Mark, 83, was born Mischka Margierowicz. He came from the city of Brody in what is now the Ukraine.
His children, Anne Benzachar of Fair Lawn and Benjamin Mark of Long Branch, like many children of survivors, didn’t hear his stories growing up or even later. Not until shortly before their mother’s death in 2008 did they convince her to tell her story to her children and grandchildren.

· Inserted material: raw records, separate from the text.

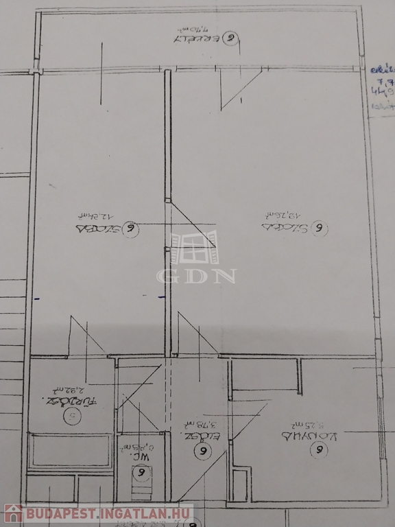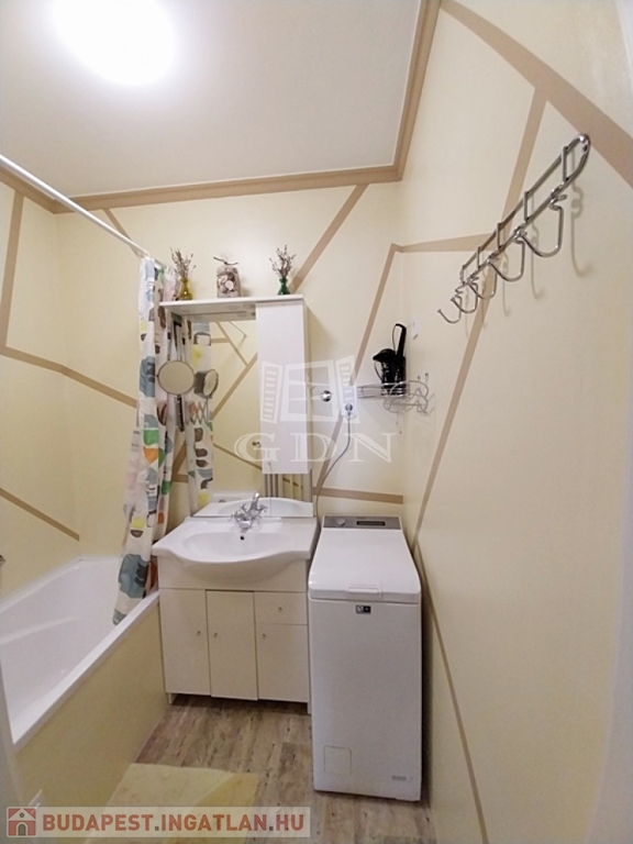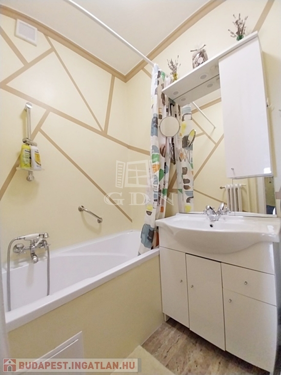 Bal oldalon kapott helyet a külön nyíló tartó szekrénnyel felszerelt 1 nm-es WC, mellette a 3 nm-es kádas újonnan kialakított fürdőszoba.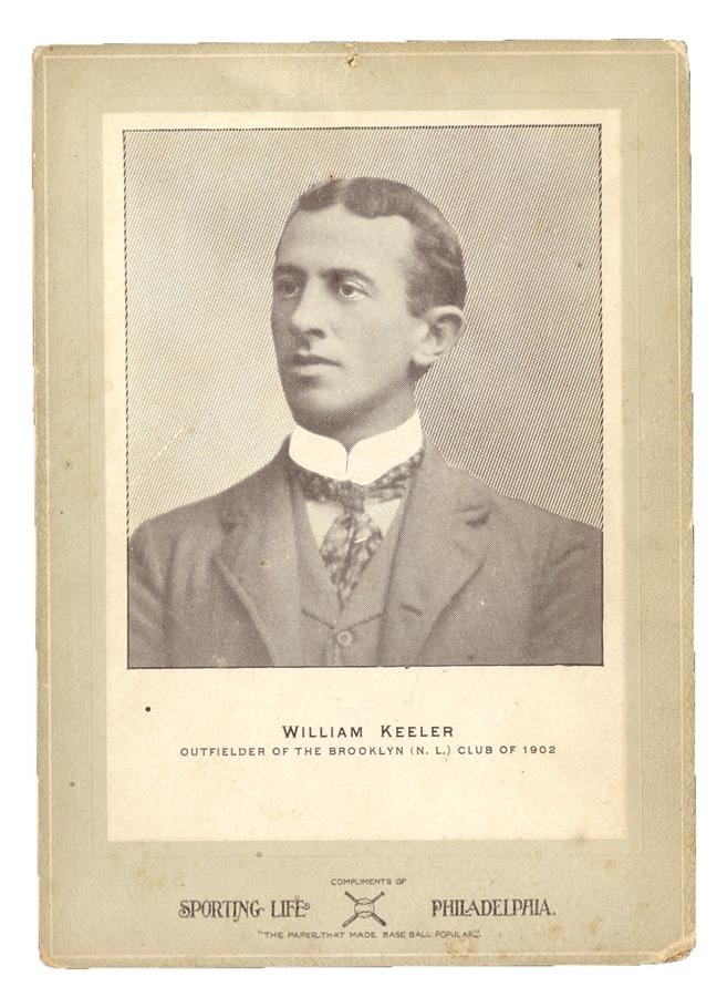 Hall of Famer "Wee Willie" Keeler poses in his street attire while representing the 1902 Brooklyn baseball team, later known as the Dodgers, in this vintage cabinet photo shot for the publication "Sporting Life." There is a pinhole at the top but is otherwise VG.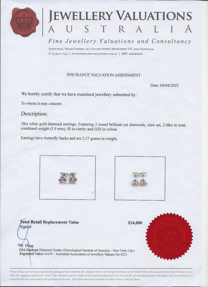 Featuring 2 round brilliant cut diamonds, claw set, 2.08ct in total combined weight (5.9 mm), SI in clarity and G/H in colour.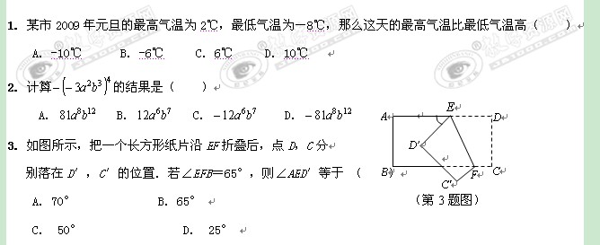 福建省龙海市第二中学2017届九年级上学期期中考试试题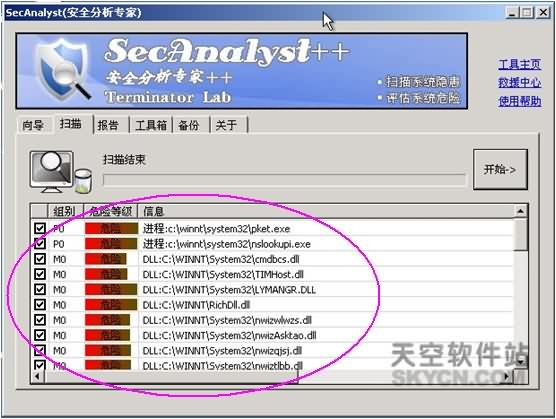 为了想弄明白该网站到底挂的是什么木马,本人出于好奇,便将终截者抗病毒软件给关了,重新登录QQ妹主页,登录后未发现异常现象,两分钟后我便关闭了该网站,重新启动终截者,并用终截者的扫描功能扫描一遍系统,看该网站是否真的给我的爱机安装了病毒,当扫描完毕后,我被扫描结果吓呆了,发现它竟然毫不留情地给我机下载了十多个病毒程序(如图3所示),让我的爱机在几分钟之内便成了毒窝。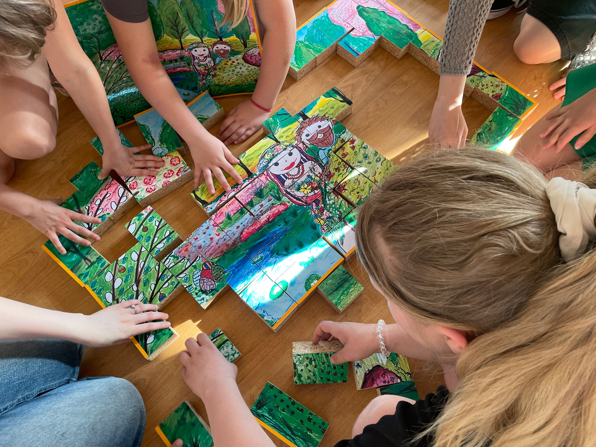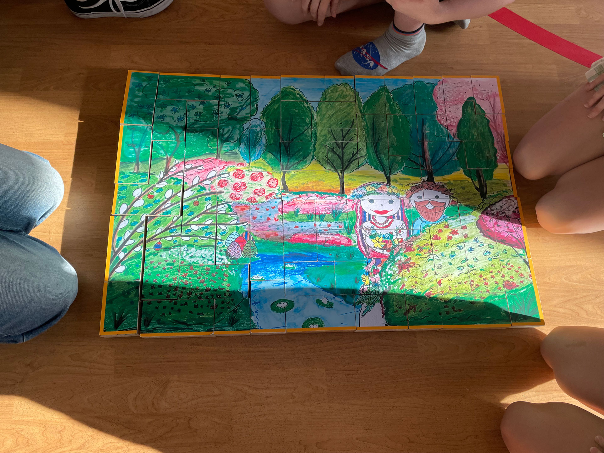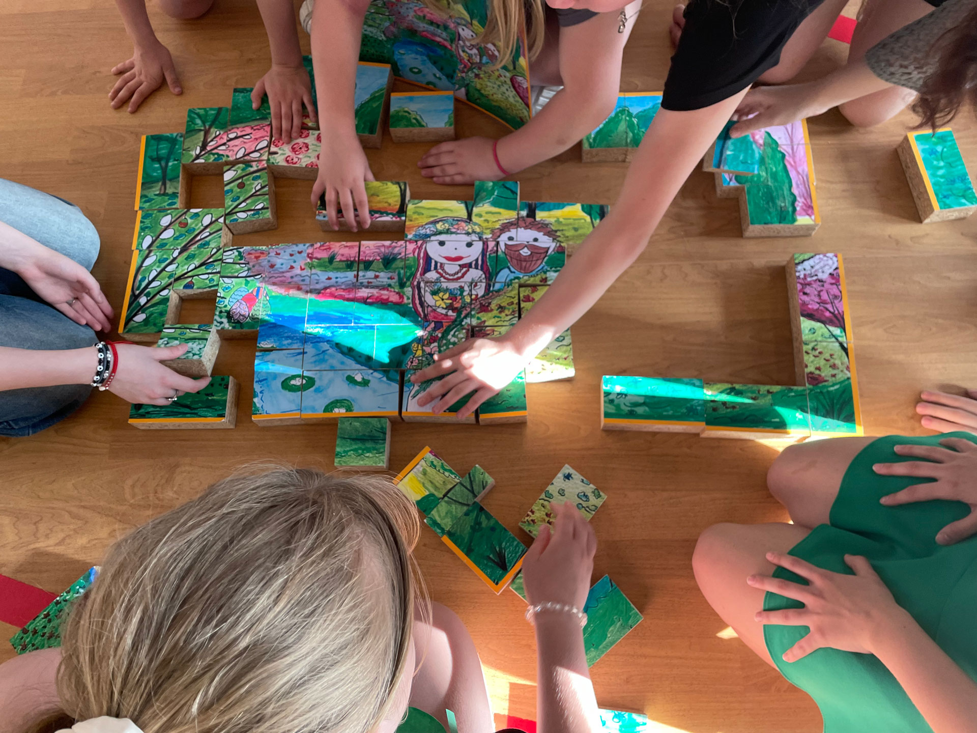 21 maja gościliśmy w naszej szkole podopiecznych Placówki Opiekuńczo-Wychowawczej w Katowicach - Dąbrówce Malej.Tym razem drużyna dziewcząt z klasy z 1Ep, 1Gp i 1Bp, realizująca pod kierunkiem p. Doroty Kubicy-Jasińskiej projekt etnograficzny, podzieliła się z dziećmi efektami swojej kilkutygodniowej pracy. Po przedstawieniu w formie prezentacji wiosennych tradycji i zwyczajów kultywowanych od pokoleń na Górnym Śląsku, a szczególnie w rejonie Katowic, przystąpiliśmy do wspólnej zabawy i gry terenowej. Dzieci rozwiązywały quiz, wykonywały wyklejanki, wykreślanki, jak również wykazywały się kreatywnością przy zabawie w kalambury. Nie zabrakło też aktywności ruchowych na sali gimnastycznej, które zakończyły się wspólnym układaniem "puzzli wiosennych", wykonanych przez p. Tomasza Lincę według autorskiego projektu Martyny z 1Bp. Na koniec z mapkami w ręku dzieci podążyły tropem Marzanny i Marzanioka. Po ich odnalezieniu czekała na nie jeszcze jedna wskazówka prowadząca do słodkiej niespodzianki. Wspólnej zabawie i grze związanej z etnografią naszego regionu towarzyszyła wiosenna aura i wiosenne przyśpiewki.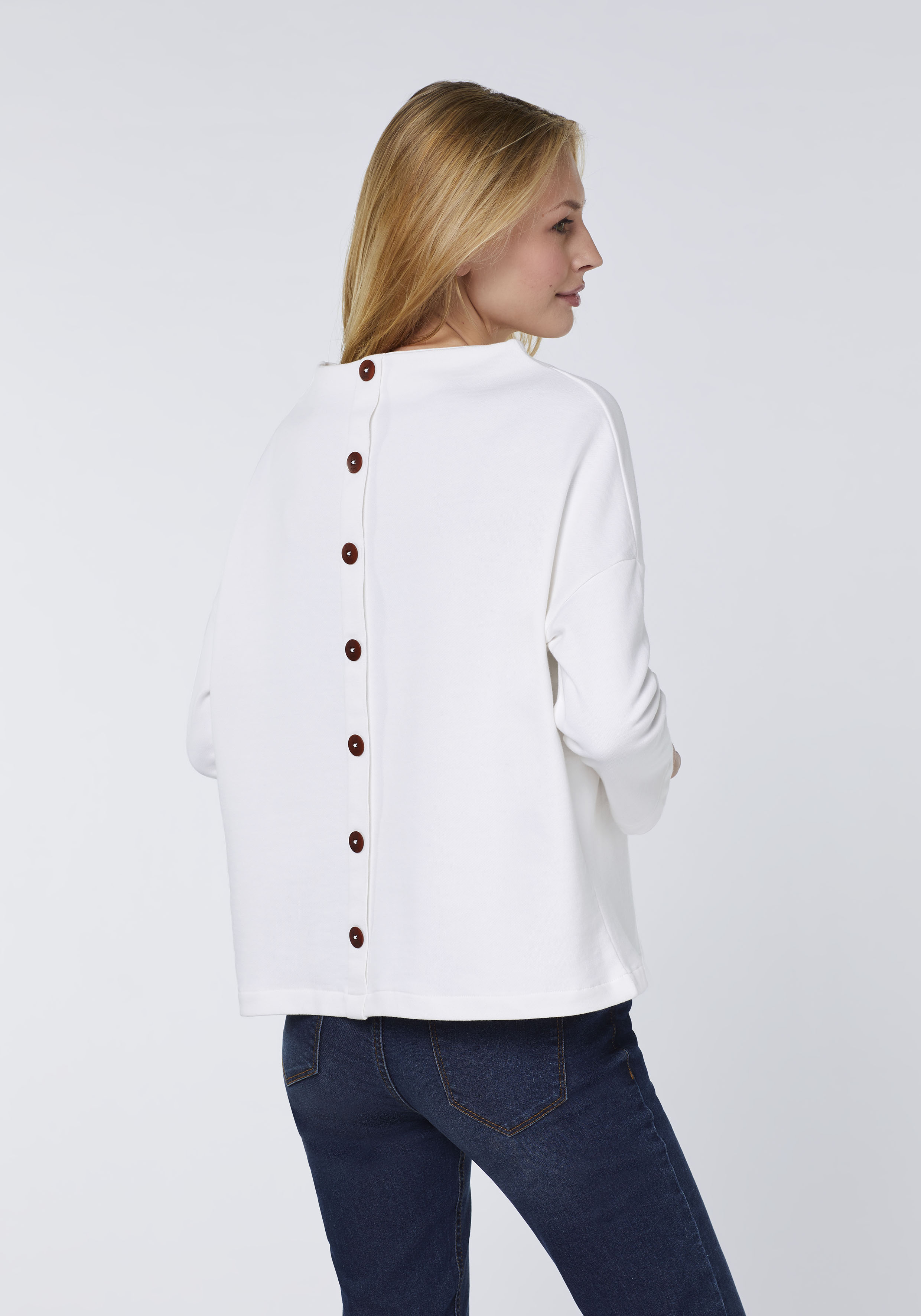 Der kastig geschnittene DETTO FATTO Sweater aus Bio-Baumwolle trumpft mit einer geknöpften Rückseite auf. Vorne zeigt er sich im gewohnt cleanen Basic-Look und setzt auf besondere Schnittdetails wie den erhöhten Kragen und angesetzte Ärmel. Das Essential ist C2C Certified® GOLD, Grüner Knopf, Made in Green by OEKO-TEX® und Standard 100 by OEKO-TEX® zertifiziert.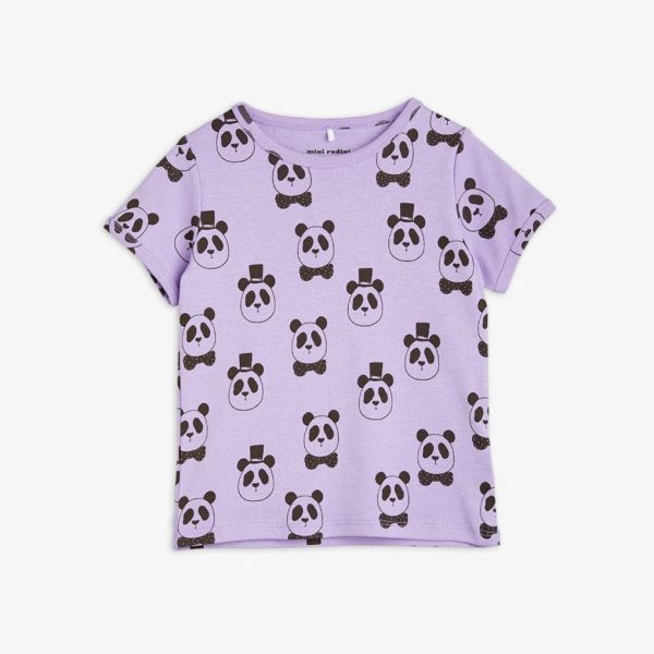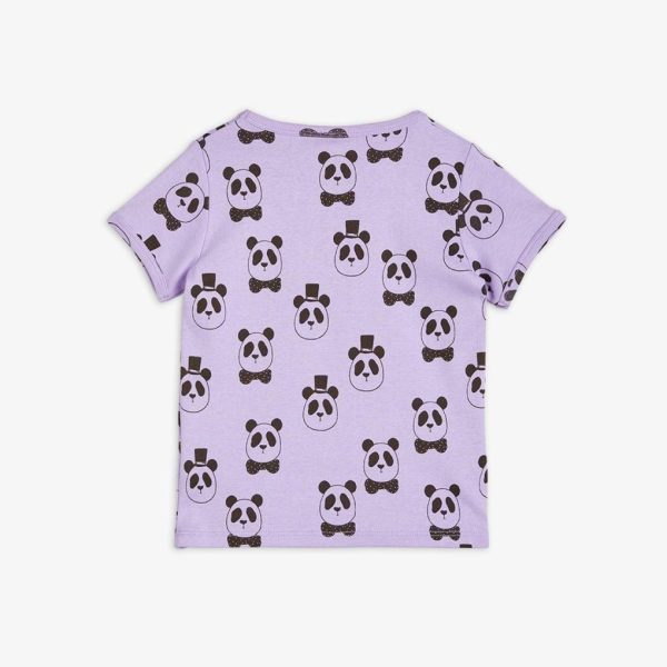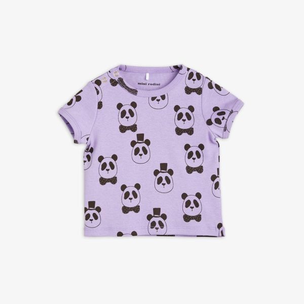 Purple t-shirt with all over Panda print, made from 100 % GOTS certified organic cotton. The t-shirt is designed for a slim fit with bindings at the neck and sleeve endings, as well as snap buttons at the shoulder in the smallest sizes (56/62–68/74) for easy dressing.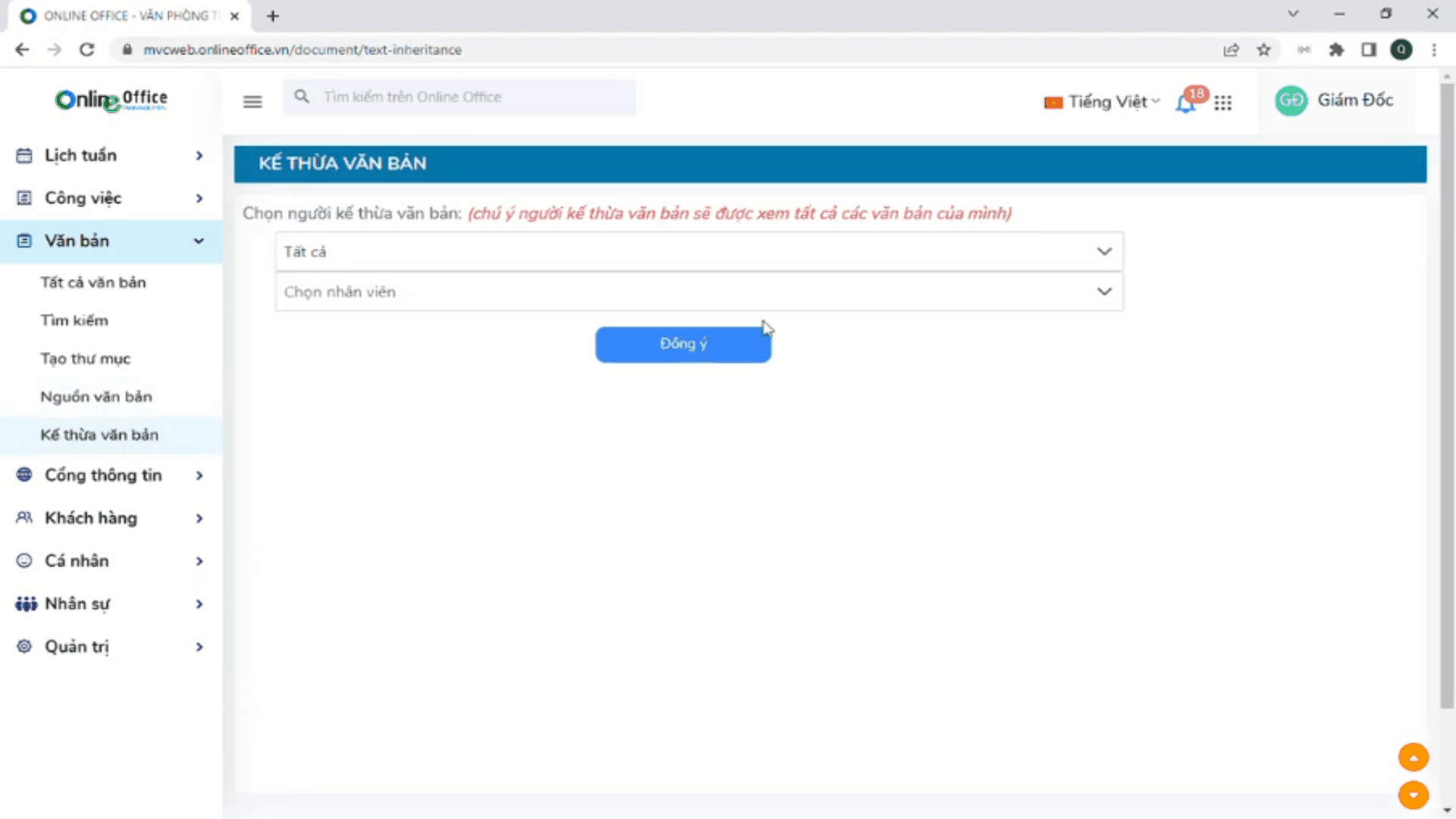 Khi có một cá nhân sắp nghỉ việc hoặc có một nhân viên mới vào làm cần kế thừa hay nhân kế thừa hàng ngàn văn bản, Onlne Office đã cũng cấp tính năng này nhằm giúp tối ưu hóa thời gian kế thừa.Sau đây là cách kế thừa văn bản: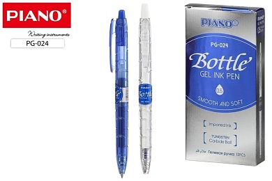 Ручка гелевая автоматич. "Piano Bottle". Прозр.корпус с насечкой. Синяя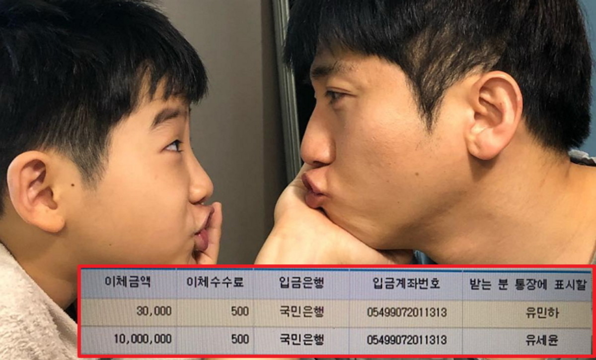 유세윤은 1000만원의 성금을, 초등학생인 그의 아들은 용돈을 모아 3만원을 기부한 모습이다.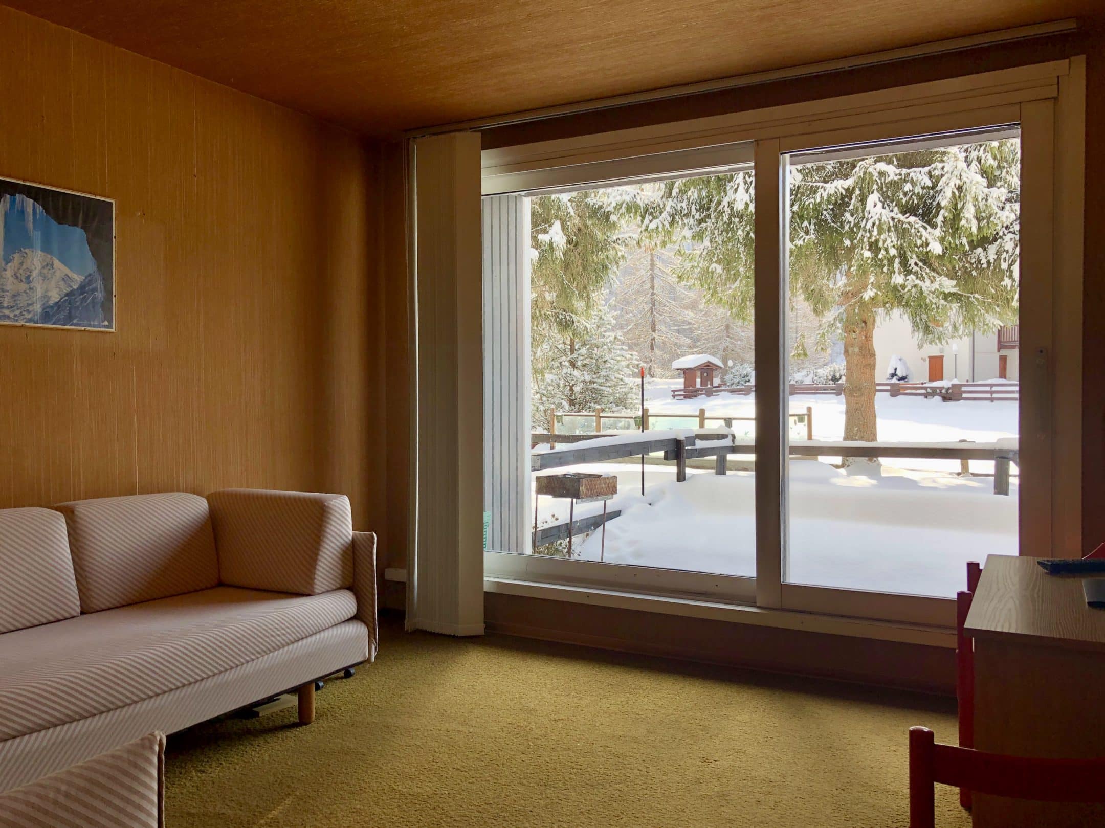 In zona Granges, proponiamo in affitto per la stagione invernale all’interno del condominio ” Vieux Moulin” , bell’appartamento al piano terra composto da ingresso su disimpegno, soggiorno con accesso diretto nel giardino, cucina abitabile, camera da letto matrimoniale e piccola cameretta con letto a castello, bagno e garage. Arredato.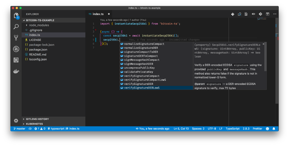 npm install --save bitcoin-tsThe API is purely-functional, fully-typed and documented with TypeScript, and accepts and returns native ES2015 typed arrays. Here’s a short example of Low-S signature verification using the library: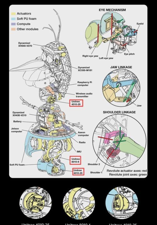 在头部控制方面,由于“大头细颈”的结构特点,颈部电机需要在狭小空间内同时满足扭矩输出与响应速度的要求。宇树4010-25电机被用于该部位,其精准响应确保了雪宝表情的实时性与生动感。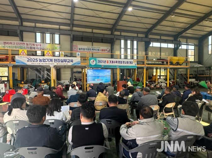 제이앤엠뉴스 | 거제시농업기술센터는 콩 재배 농가의 노동력 절감과 기계화 영농 활성화를 위해 “2025년 콩 기계수확 현장연시회”를 지난 11월 10일 13시 30분부터 16시 30분까지 거제시 농기계 임대사업장, 거제면 서정리 446-2, 446-3번지 일원에서 개최했다고 밝혔다.

Hiding in a stable’s root cellar
Michael Mark’s story of survival
On a recent Sunday morning, Michael Mark sat at his kitchen table with his daughter Ann Benzachar and a reporter from the Jewish Standard and talked about his life as a teenager after the Nazis had conquered his town from the Soviets. He and his father, Benjamin, a sheet metal worker, lived in the Brody ghetto with special privileges that allowed them to come and go. His older brother was shot by the Ukrainians and his mother and sister had disappeared. As a talented craftsman, Benjamin was in charge of turning railway cars into mobile kitchens for the Germans and Michael was his apprentice.